GenAI-perf defines the TPS as total output tokens divided by the end-to-end latency between the first request and the last response of the last request.

\[\frac{Total\_ output\_ tokens}{Ty\ - \ Tx}\]

Note that LLM-perf defines TPS as the total output tokens divided by the entire benchmark duration.

\[\frac{Total\_ output\_ tokens}{T_{end}\ - \ T_{start}}\]

As such, it also includes the following overheads into the metric: (1) Input prompt generation; (2) Request preparation and (3) Storing the responses. In our observation, these overheads in the single concurrency scenario can sometimes account for 33% of the entire benchmark duration.

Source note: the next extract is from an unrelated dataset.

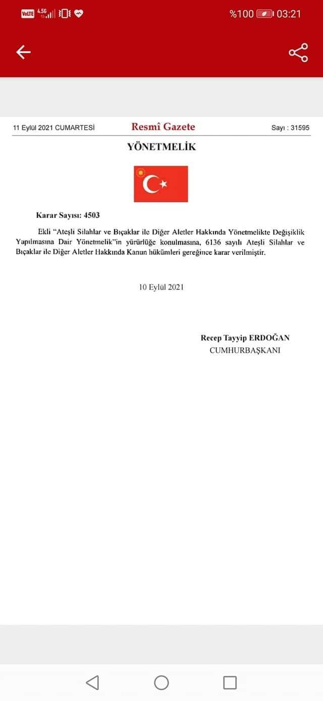 09.2021 Tarihli Resmi Gazetede yayımlanan 4305 sayılı Cumhurbaşkanı Kararı ile, 6136 sayılı kanuna ilişkin yönetmeliğin 4.maddesi M bendi uyarınca infaz koruma başmemuru ve memurları silah taşıma ruhsatı hakkına yeniden sahip olmuştur.

Note that the previous calculation is done in a batch fashion and is not a live running metric. In addition, GenAI-perf uses a sliding window technique to find stable measurements. This means that the given measurements are from a representative subset of the fully-completed requests, meaning, the “warming up” and “cooling down” requests are not included when calculating the metrics.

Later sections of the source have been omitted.